Apple must provide a man access to the iCloud account of his late husband so he can retrieve family photos shot with an iPhone and a dedicated camera, a New York judge has ruled.
Nicholas Scandalios has so far been locked out of the Apple ID belonging to his husband, Ric Swezey, who was killed in an accident two years ago, according to MarketWatch. Apple hasn't been outright fighting the request, but did insist that Scandalios obtain a court order.
"Apple shall afford the opportunity to reset the password to [Swezey's] Apple ID," Surrogate Judge Rita Mella wrote in her ruling.
Complicating the situation is that Swezey's will didn't contain language authorizing access. Mella's opinion stated that the photos weren't a form of "electronic communication" requiring proof of consent or even a court order, which could help build precedent against Apple's position.

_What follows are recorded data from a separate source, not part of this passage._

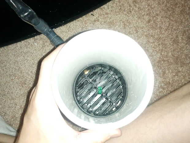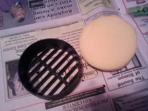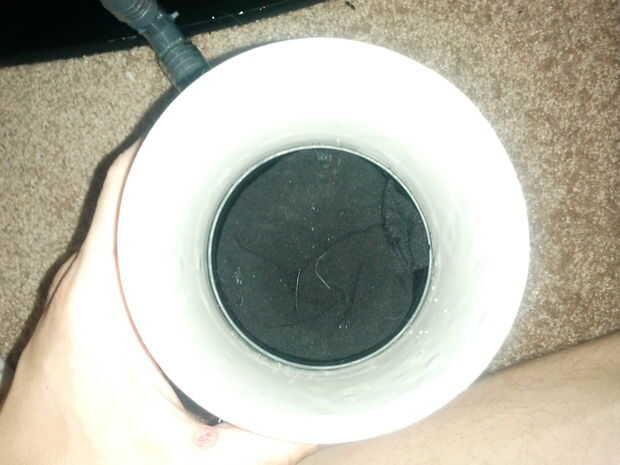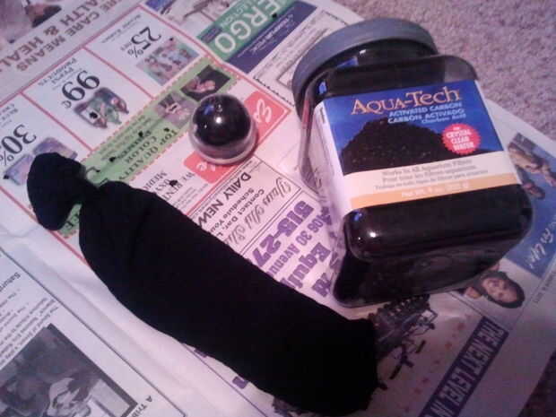 la segunda cesta contiene el carbón activado. compré algunas rodillas panty de la manguera de un cierto centro super y vierte una cantidad decente. no es relleno por anymeans. tal vez tiene una taza vale de carbón en ella. zona atar el extremo con un nudo por lo que posiblemente puede reutilizarla. póngala en la canasta alrededor de la brida y reorganizar el carbón para que quede bien.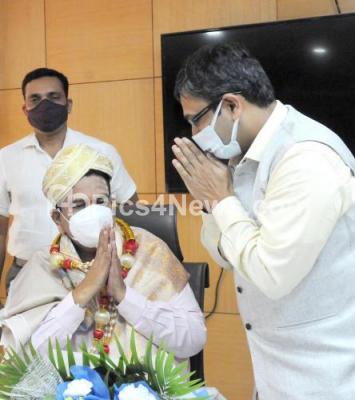 Photo Caption : Minister CC Patil being welcomed by Dr.PSHarsha Commissioner during his visits to Information Department, in Bengaluru on Saturday 30th January 2021
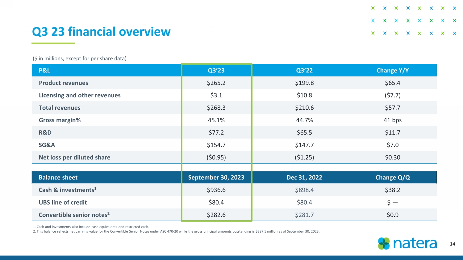 Natera, Inc. Investor presentation Third Quarter 2023 Earnings Call November 8, 2023 Confidential Draft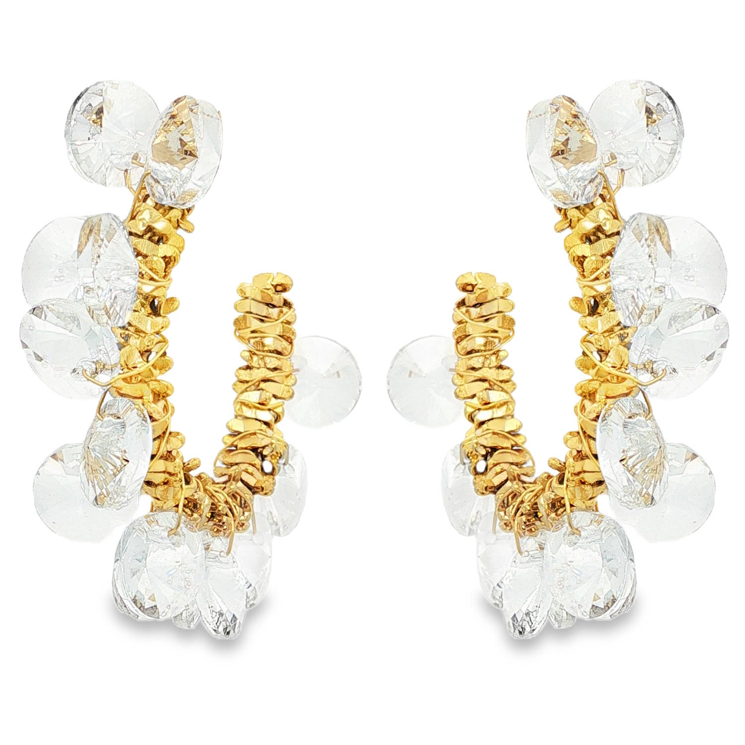 Fabriquées en acier doré, ces boucles d'oreilles sont ornées de cristaux ronds taillés en brillant, qui réfléchissent la lumière avec une clarté et une symétrie exceptionnelles.

Most U.S. states -- New York included -- now have laws giving an estate's executor default access to all material stored locally on a device, but requiring a will or court order for anything kept in cloud storage. Among the only exceptions are Oklahoma, Louisiana, Pennsylvania, Massachusetts, New Hampshire, and Kentucky, as well as Delaware, which transfers access to all digital content.

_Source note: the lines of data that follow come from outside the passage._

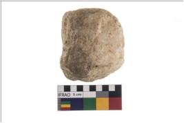 | Description / विवरण | A partially broken specimen of roughly round shaped and flattish hammerstone with battered periphery along with the circumference. It is flat at one end. It is made up of quartz. |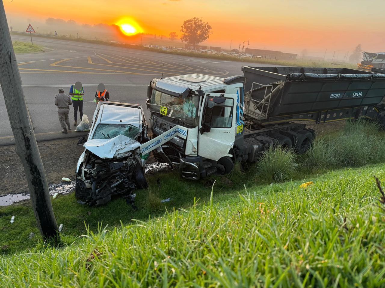 On Thursday morning before sunrise, a serious collision occurred approximately 7km outside Ermelo at the T-junction of the Chrissiesmeer (N17) and Breyten (R36) roads.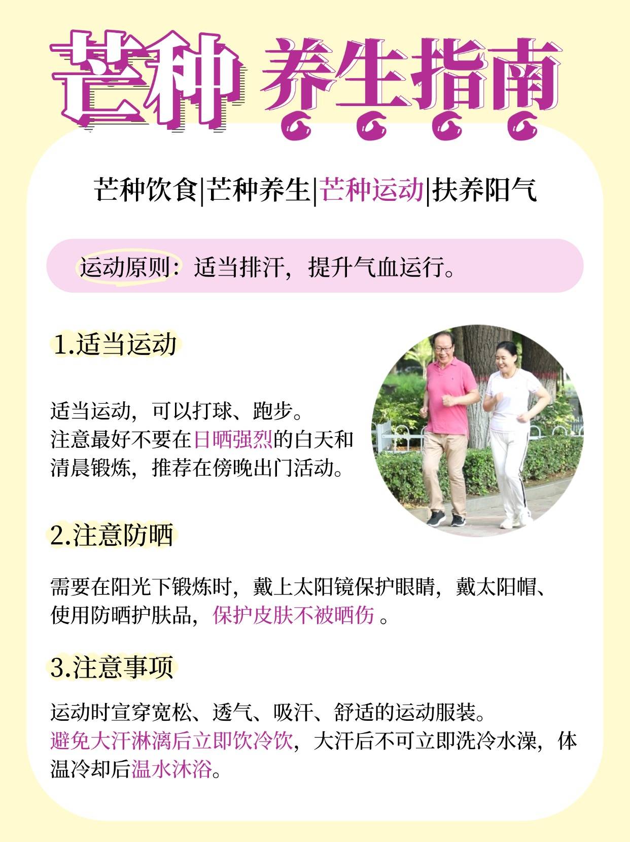 芒种养生指南 创始人 更新于 2025-06-05 09:34:09 首发于 2025-06-05 09:34:32 健康资讯 0 饮食原则:清淡祛湿,清热生津。 养生原则:防暑祛湿,增强体质。 运动原则:适当排汗,提升气血运行。 养阳原则:补阳精气,调养精神。 未经允许不得转载: 办公健康网 » 芒种养生指南

How to handle the online accounts of the dead is still a developing field, since many services are a decade old or less. iCloud for example was launched in 2011, and iCloud Photo Library is even younger, dating back to October 2014.

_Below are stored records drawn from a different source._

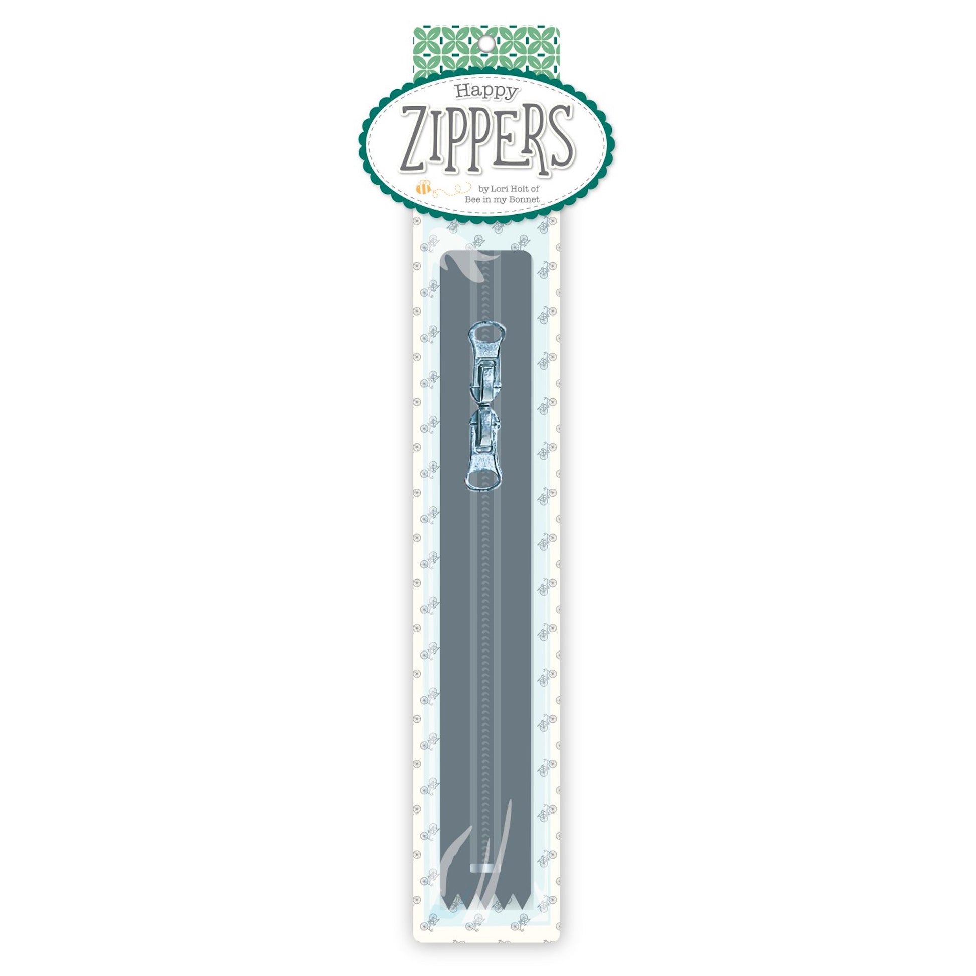 This 16" Happy Zipper by Lori Holt of Bee in my Bonnet comes individually packaged. The zipper is 1" x 16" and has 2 zipper pulls. The Happy Zippers have polyester fabric tape, zinc alloy sliders and pulls, and nylon teeth.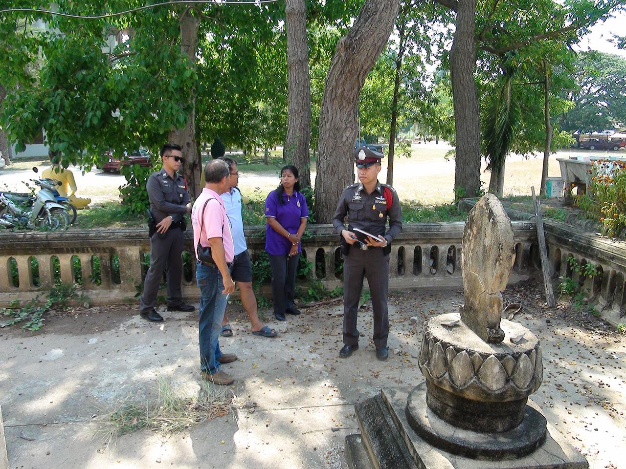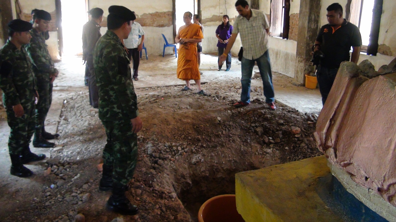 สอบถาม นายอารัญ จันทร์จีน ผู้ใหญ่บ้าน กล่าวว่า ตนเองได้รับแจ้งจากชาวบ้านว่ามีการขุดเจาะโบสถ์ จึงเดินทางมาดู เมื่อเห็นสภาพภายในโบสถ์ก็รู้สึกตกใจเป็นอย่างมาก เพราะไม่ได้รับแจ้งจากเจ้าอาวาสมาก่อนเลย จึงพร้อมด้วยชาวบ้าน เข้าแจ้งความกับเจ้าหน้าที่ตำรวจเพื่อหาตัวคนที่ทำ และสอบสวนว่า การขุดโบสถ์ในครั้งนี้ ได้พบสิ่งของอย่างใดหรือไม่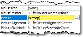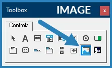 - Using the Toolbox Image feature, insert an image placeholder. Set the Picture property to the location of your image. The ellipse button to the right of the property will allow you to browse out to your image file.

Apple is typically compliant with legal orders to access cloud data, including those from police and spy agencies. It does sometimes put up resistance, most famously in the case of San Bernardino shooter Syed Rizwan Farook, when the FBI and U.S. Department of Justice sought a backdoor into Farook's iPhone. The company refused, both on constitutional grounds and claiming that it would fundamentally compromise iOS security. The DOJ backed down when it managed to crack the iPhone with third-party assistance.